We also added a reset endpoint:

POST /api/fcfs/reset

Before each test run, stock needs to reset to 100, Redis keys need to clear, and the FcfsOrder table needs to empty. Doing this manually invites mistakes. One reset call handles all of it.


2. Issue 1 — Resilience4j Rate Limiter

After finishing the implementation, the first k6 run showed zero successes for the token strategy.

✗ status is 200 or 409
↳  0% — ✓ 0 / ✗ 100

Every response was 429 RATE_LIMITED. Initial assumption: a k6 configuration problem. But direct curl calls to the endpoint also returned 429.

The cause was RateLimitingFilter.

marketplace already had a Resilience4j-based Rate Limiter attached — it limits order creation APIs to 100 requests per second. The filter applied to all paths by default.
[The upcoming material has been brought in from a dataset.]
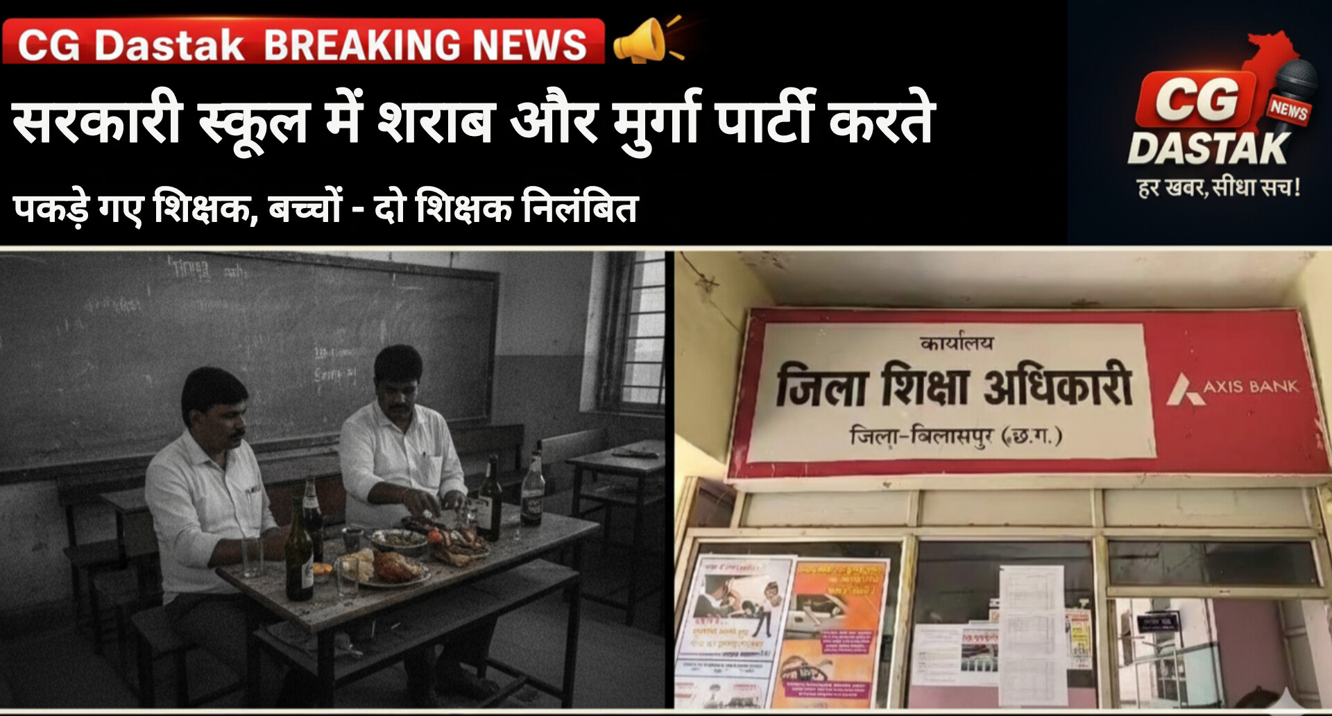 बिलासपुर। छत्तीसगढ़ के बिलासपुर जिले से शिक्षा व्यवस्था को शर्मसार करने वाला मामला सामने आया है। मस्तूरी विकासखंड के ग्राम रहटाटोर स्थित शासकीय प्राथमिक विद्यालय में पदस्थ शिक्षक विद्यालय समय में शराब सेवन और मुर्गा पार्टी करते पकड़े गए। नशे में धुत इन शिक्षकों ने बच्चों के साथ गाली-गलौज भी की, जिससे बच्चे भय और अपमान की भावना से भर गए।
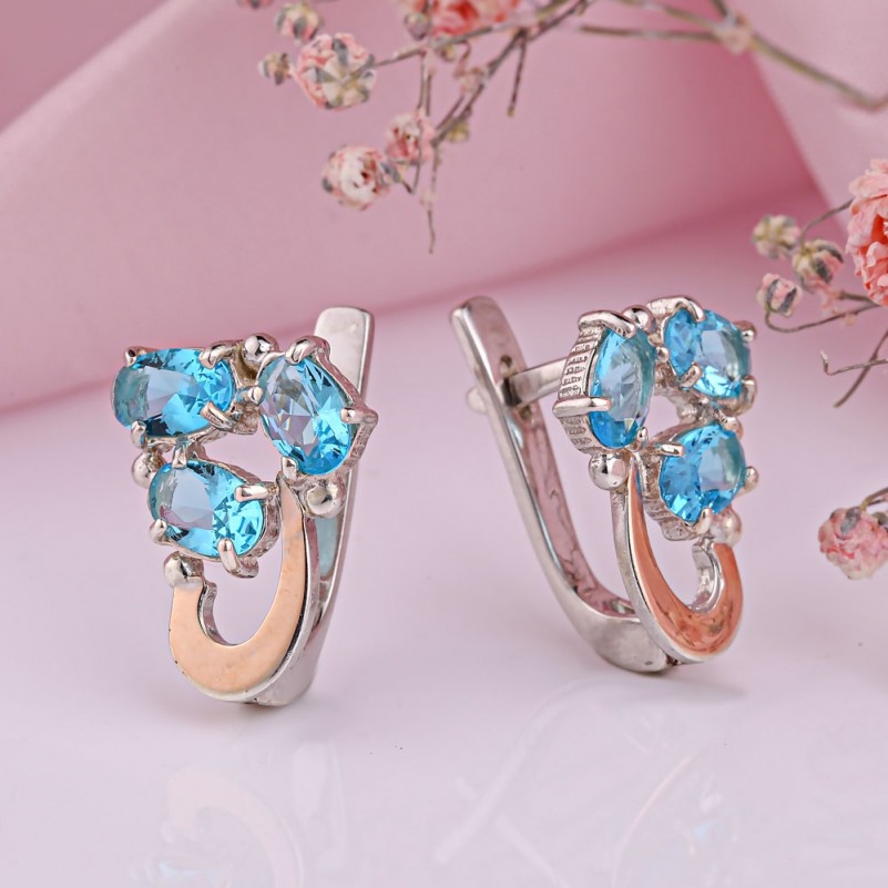 Вставки: 6 фианит голубой овал 6.0 x 5.0 мм

The token strategy flow is:

  1. Phase 1: Issue token (POST /api/tokens/issue) × 100 requests
  2. Phase 2: Purchase with token (POST /api/orders/token) × 100 requests

When k6 executed Phase 1 and Phase 2 in rapid succession, the 100 Phase 2 purchase requests exceeded the Rate Limiter’s threshold. All purchase requests got blocked with 429.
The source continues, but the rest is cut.